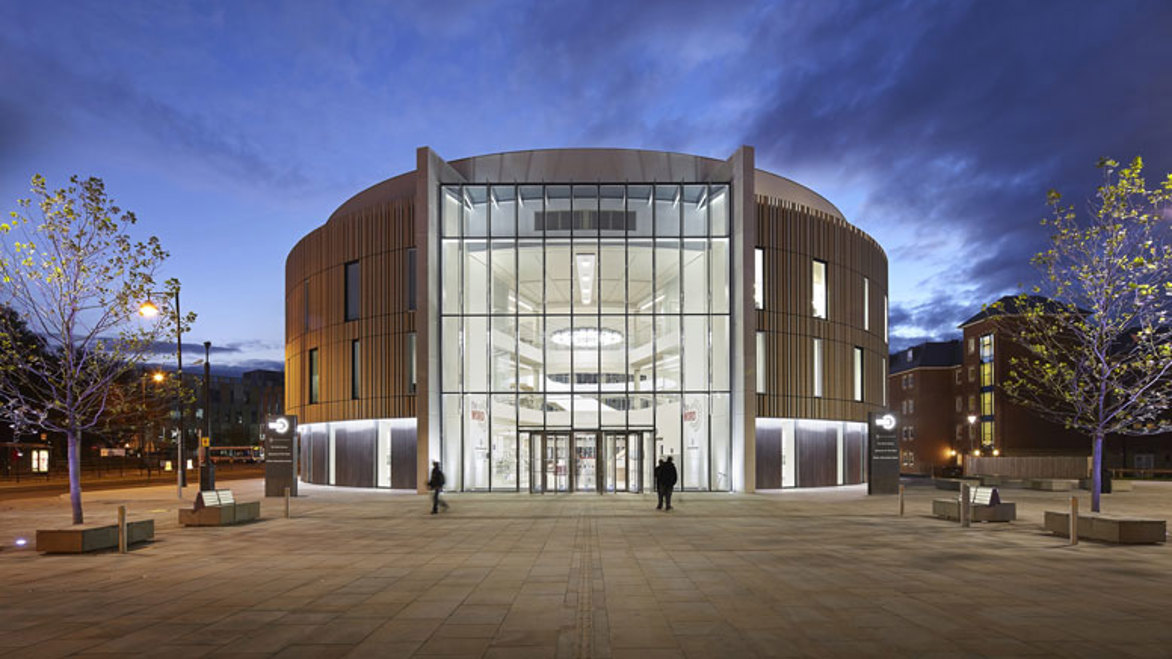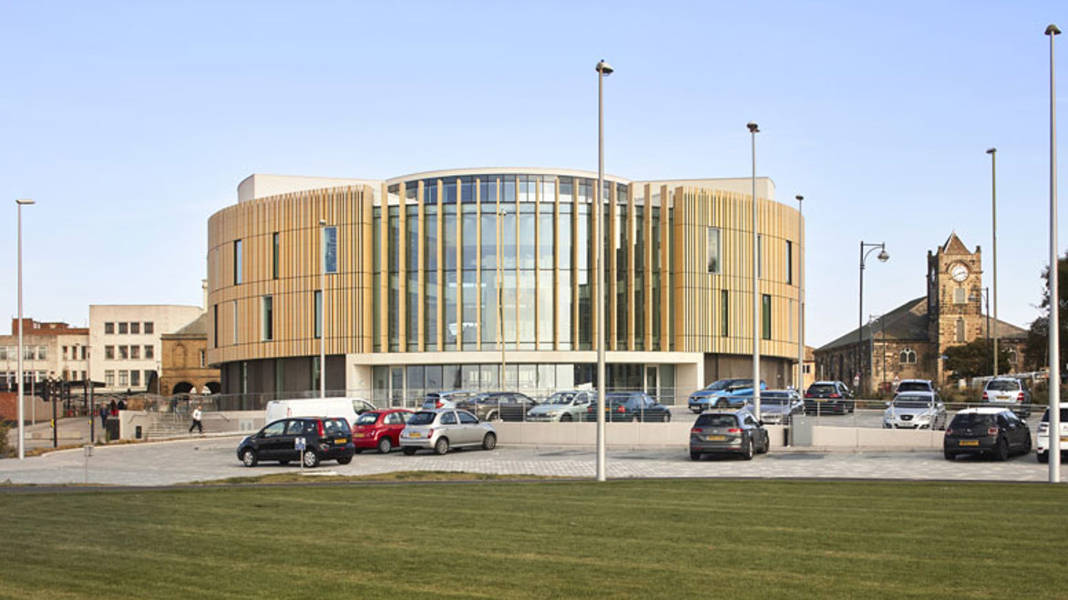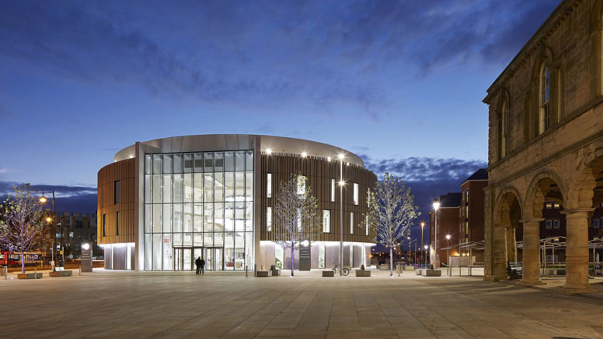 The building concept adopts a simple circular form to reinforce the pedestrian link and views between the Riverside Park and Market Square. The buildingâs appearance is inspired by the fanning out of the pages of a book, with the introduction of two large glass walls providing superb views of the River Tyne and creating a natural place for the buildingâs entrance.
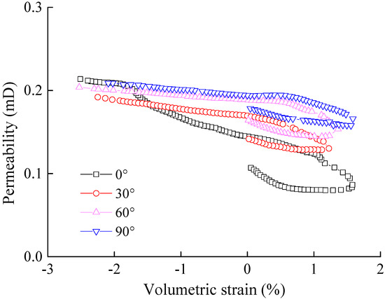 Figure 7 and Figure 8 illustrate the relationship between permeability, radial strain, and volumetric strain, respectively. For the same values of radial strain and volumetric strain, permeability increased with an increase in the angle.
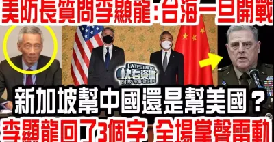 美防長質問李顯龍:台海一旦開戰,新加坡幫中國還是幫美國?李顯龍回了3個字, 全場掌聲雷動!
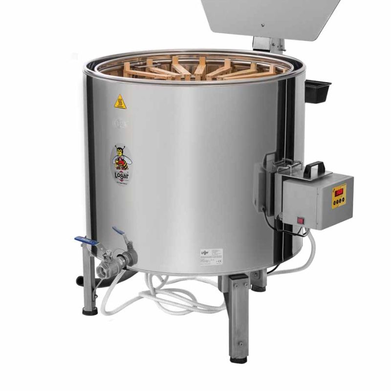 Una robusta centrífuga de cera de Logar que permite fundir rápida y eficazmente panales viejos, panales recortados, cera de opérculos o bloques de cera mediante centrifugado con vapor.
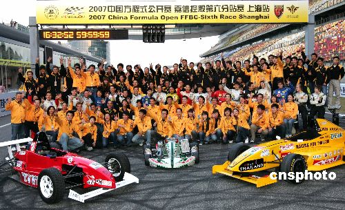 11月24-25日,由香港嘉信控股集團旗下的三大騰飛(北京)方程式運動有限公司承辦的2007年中國方程式公開賽收官賽在上海國際賽車場舉行,比賽包括威速方程式系列賽和雷諾2000組賽,選手皆為日本、阿根廷、芬蘭、香港及中國國內最具實力的車手。圖為全體車手和賽事服務人員大合照。中新社發(fā) 趙振清 攝
_ _ _
Exactly reproduce the entries above, minus the pictures.

 The building concept adopts a simple circular form to reinforce the pedestrian link and views between the Riverside Park and Market Square. The buildingâs appearance is inspired by the fanning out of the pages of a book, with the introduction of two large glass walls providing superb views of the River Tyne and creating a natural place for the buildingâs entrance.
 Figure 7 and Figure 8 illustrate the relationship between permeability, radial strain, and volumetric strain, respectively. For the same values of radial strain and volumetric strain, permeability increased with an increase in the angle.
 美防長質問李顯龍:台海一旦開戰,新加坡幫中國還是幫美國?李顯龍回了3個字, 全場掌聲雷動!
 Una robusta centrífuga de cera de Logar que permite fundir rápida y eficazmente panales viejos, panales recortados, cera de opérculos o bloques de cera mediante centrifugado con vapor.
 11月24-25日,由香港嘉信控股集團旗下的三大騰飛(北京)方程式運動有限公司承辦的2007年中國方程式公開賽收官賽在上海國際賽車場舉行,比賽包括威速方程式系列賽和雷諾2000組賽,選手皆為日本、阿根廷、芬蘭、香港及中國國內最具實力的車手。圖為全體車手和賽事服務人員大合照。中新社發(fā) 趙振清 攝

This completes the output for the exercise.